That sounds more likely to be thermal paste segregation leading to excessive temps, or perhaps vrm degradation due to a lapse in cooling.
As I said before, I suppose Intel is aware of the operating details of his CPUs better than everyone of us. So if Intel's recommendations does not work, than there is a problem on the CPU (or other component).


May be you have done a fine tuning well calibrated for your specific sample that Intel obviously cannot do for a large batch, but I am also sure that with Intel failsafe the stability should go away whatever, if this not happen than the CPU have a problem.

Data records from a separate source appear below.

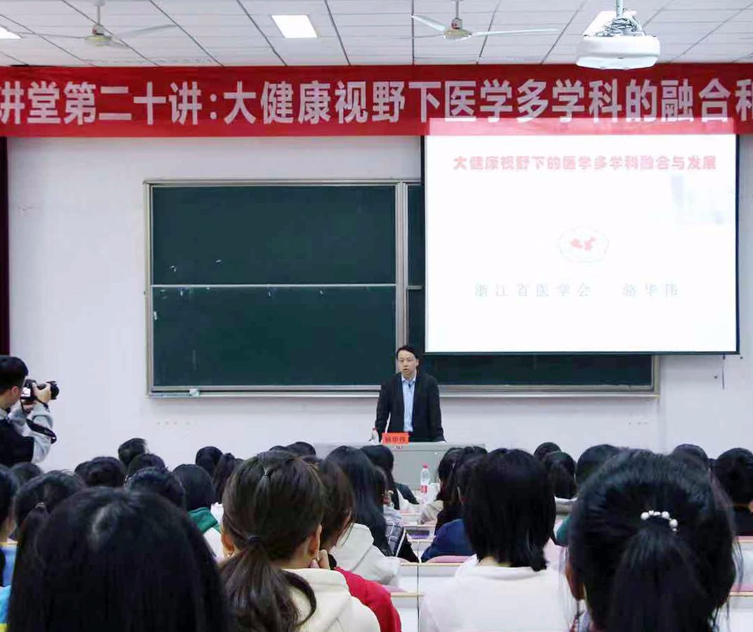 讲堂伊始,骆华伟教授以幽默风趣的语气向在座的同学们讲解大健康理念,包括中国目前的医疗境况、健康中国的规划目标、卫生事业发展战略、新公共卫生的内涵。他围绕“将健康融入所有的政策”,用真实的事例向大家讲述医疗保障及医疗纠纷的改进成果。骆教授还通过展现现代医学和多学科综合治疗的未来发展,呼吁学子重视人文关怀。讲座最后,骆华伟教授用“今天的浙江就是中国的明天”、“创新、活力、联动、包容”激励同学们不断创新、充满活力,希望大家秉持“以人为本,为人民服务”的初心,在医匠-医家-大家的路上砥砺前行。
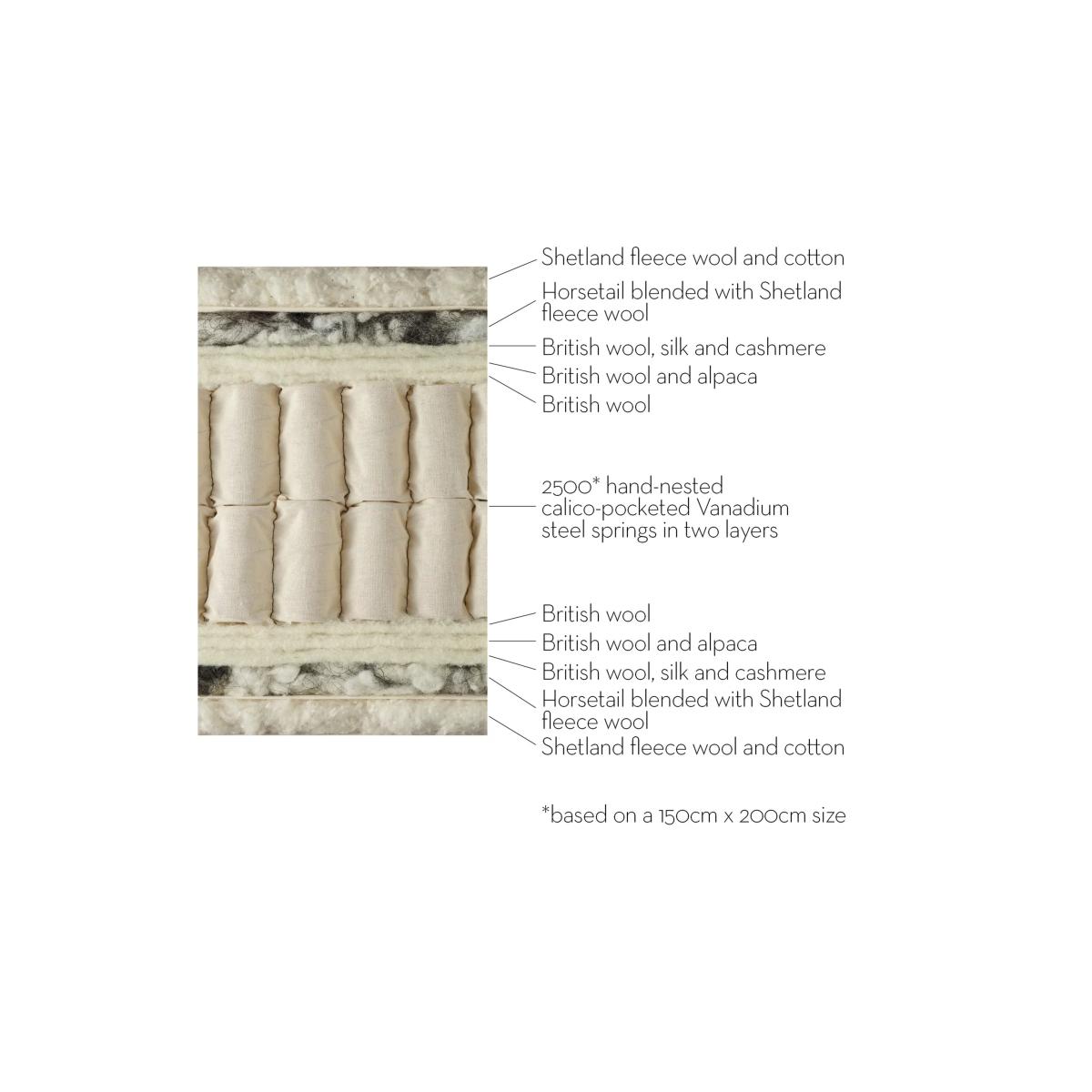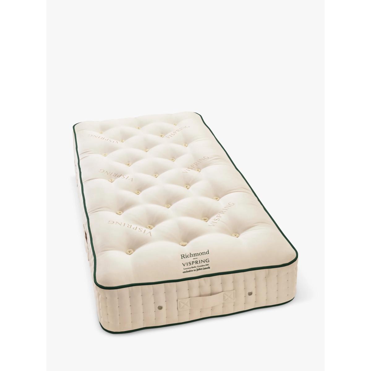 The Richmond is a traditionally handcrafted mattress using opulent materials such as silk and cashmere. In addition to the softness provided by its blend of natural fillings, it introduces a slightly firmer feel, ensuring a harmonious blend of comfort and support. If you are using your mattress on a bedstead, please ensure that the gaps between the slats of the base are no more than 7.5cm (3”) apart. This ensures that the springs in the mattress are properly supported. Vispring recommend the use of a Vispring mattress pad, this will serve as a protective layer between your mattress and the base of your bedstead. The mattress pad will prolong the life of your mattress when it is used on a slatted base, as it will prevent indentations and protect against moisture from wooden slats. A mattress pad is required to comply with the 30-year guarantee on any Vispring mattress that has been placed on a slatted base. Try before you buy This is an important purchase and it’s worthwhile to try your choice of mattress in store to make sure it's right for you. Our store Partners will be able to tell you more about its benefits, and recommend options based on your needs.
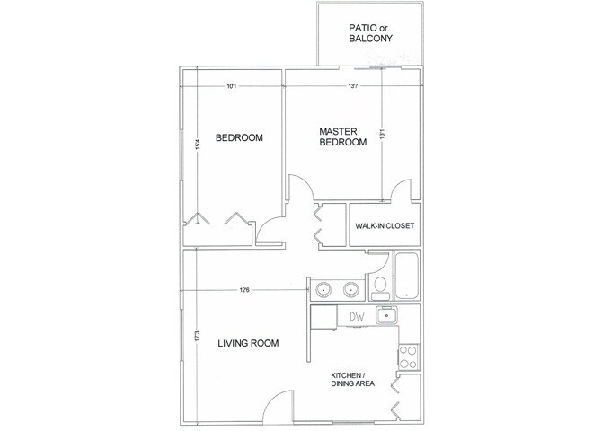 TWO BEDROOM/ONE BATH - CARRIAGE HILL - Floorplan 1
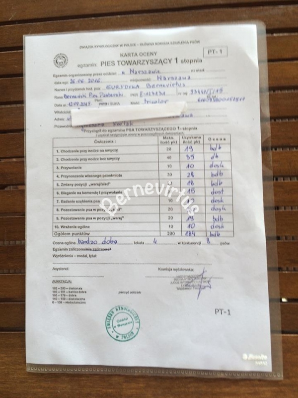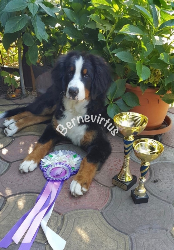 EUNOMIA Bernevirtus (suczka z naszej hodowli z miotu E) na swojej pierwszej wystawie w Nitra na Słowacji (11.2015) wygrała w swojej klasie z oceną wybitnie obiecującą. Na wystawie CACIB 02.04.2016 powtórzyła swój sukces: 1 miejsce w klasie. Jesteśmy dumni i ogromnie gratulujemy właścicielowi oraz wspaniałej handlerce.
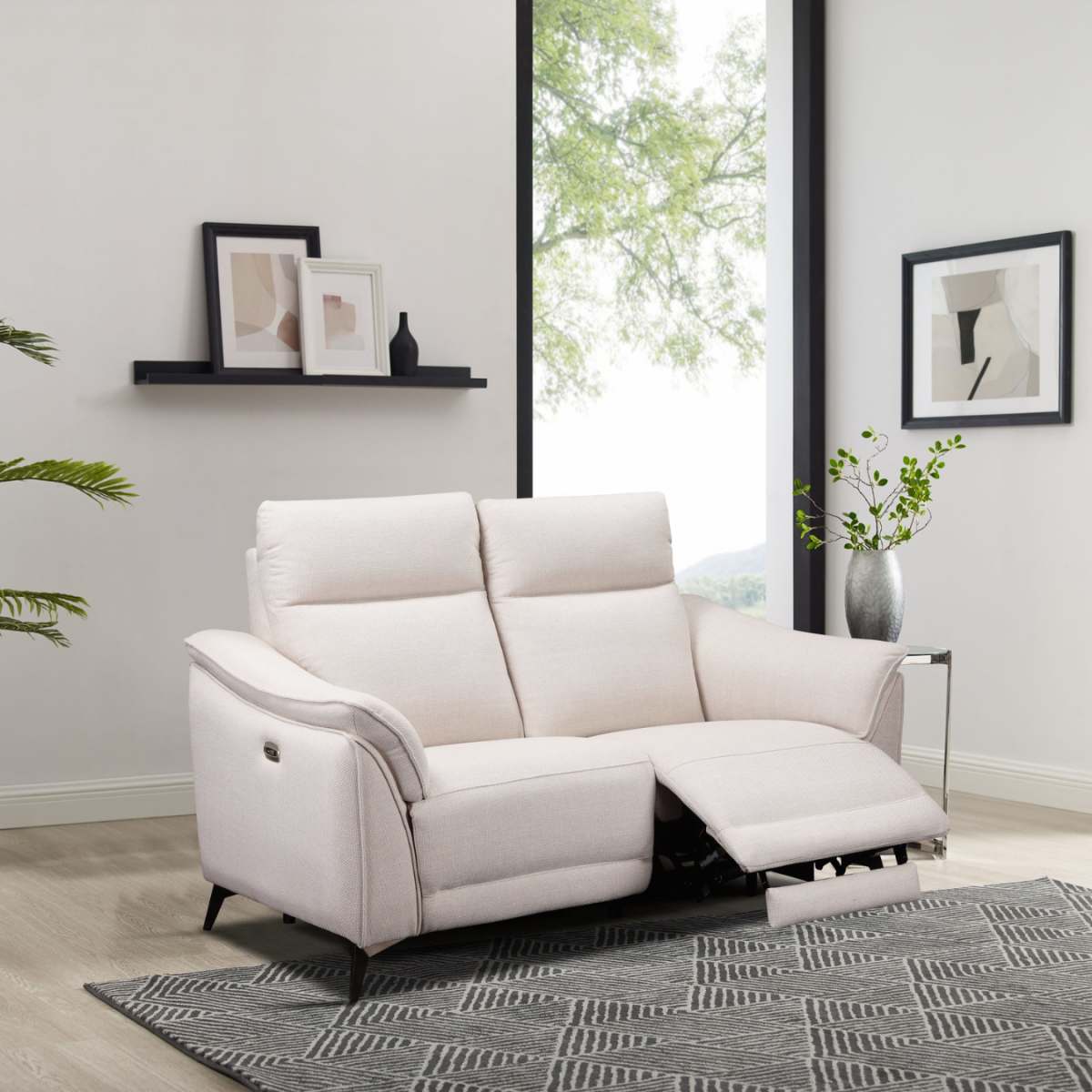 Reference: Austin 2 SeaterIntroducing the Austin Sofa range, a versatile fabric suite in soft white that combines comfort, style, and practicality. The 2-seater sofa is designed to bring relaxation and modern convenience to your living space. Both sides of every seat feature electric button recliners, allowing you to stretch out and unwind with ease. Built-in USB charging ports add a practical touch, keeping your devices powered while you relax.

Intel's failsafe immediately degrades the performance of the CPU and does not directly deal with the apparent underlying issue. If the silicon is degrading, for example, due to too many volts and too much power, why would it be better to apply more volts and power with Intel's failsafe settings? If they fix the stability issue that would be strong evidence that the silicon can take even more of a beating than any of these degradation theorists think. I tried Intel failsafe and sometimes my cores would see over 1.6v. Not for long because that is utterly uncoolable and performance suffered greatly. I don't like to see over 1.4v on my 13900kf and I can't cool that much anyways.

I just want for people to get good performance and stability and Intel's failsafe is incapable of delivering both.

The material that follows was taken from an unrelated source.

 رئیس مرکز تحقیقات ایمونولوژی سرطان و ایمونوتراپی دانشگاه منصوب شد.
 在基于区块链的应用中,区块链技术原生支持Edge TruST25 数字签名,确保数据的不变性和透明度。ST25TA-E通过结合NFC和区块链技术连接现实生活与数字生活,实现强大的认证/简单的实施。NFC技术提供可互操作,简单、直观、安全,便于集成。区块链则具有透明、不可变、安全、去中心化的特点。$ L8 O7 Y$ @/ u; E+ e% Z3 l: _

I am just curious, for how many hours do you stress tested your CPU with full load on all cores ?
Not more than 15 minutes for any particular test. That is how statistical bell curves work. If I have a failure in any program that program gets into my testing list. That hours long testing is just a waste of time that is hard on the components of your system. Why would I pump 300w into my room for hours, have the ambient temp go to 45c and think that because the cooling capacity has been decreased that my system is unstable when the ambient temps are 25c? If an adjustment to a known stable system is unstable then that adjustment has an issue.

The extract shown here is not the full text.